▸ **Your assignment**
Your copy of the data should match it exactly, except that the pictures are gone.

▸ **Data excerpt**

"""

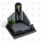 Мемориальный комплекс МК-102 выделяется ультрасовременным, асимметричным дизайном, построенным на геометрии и контрасте фактур. Центральная гладкая черная стела с ростовым портретом окружена ступенчатыми блоками из светло-серого камня, которые визуально напоминают стилизованные лучи света или распахнутые крылья.
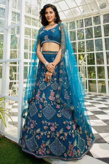 Navy Blue Color Net Fabric Heavy Embroidered Wedding Wear Lehenga Choli
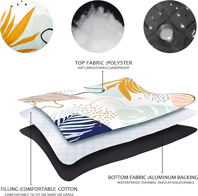 • 【Double-Side Waterproof & Sand Free】Sand free Oxford on picnic blankets backing, shake off sand easily, also can prevent the ground from being wet or the beach from being wet when lay down. the top adopted waterproof polyester in the top to prevent sprinkled drinking from wetting the surface.
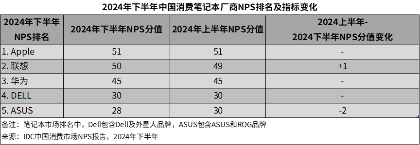 DELL在2024年下半年NPS表现持平,消费者仍在期待更有影响力的笔记本新品,尤其是AI PC相关新品的推出。

"""

▸ **Solution**
 Мемориальный комплекс МК-102 выделяется ультрасовременным, асимметричным дизайном, построенным на геометрии и контрасте фактур. Центральная гладкая черная стела с ростовым портретом окружена ступенчатыми блоками из светло-серого камня, которые визуально напоминают стилизованные лучи света или распахнутые крылья.
 Navy Blue Color Net Fabric Heavy Embroidered Wedding Wear Lehenga Choli
 • 【Double-Side Waterproof & Sand Free】Sand free Oxford on picnic blankets backing, shake off sand easily, also can prevent the ground from being wet or the beach from being wet when lay down. the top adopted waterproof polyester in the top to prevent sprinkled drinking from wetting the surface.
 DELL在2024年下半年NPS表现持平,消费者仍在期待更有影响力的笔记本新品,尤其是AI PC相关新品的推出。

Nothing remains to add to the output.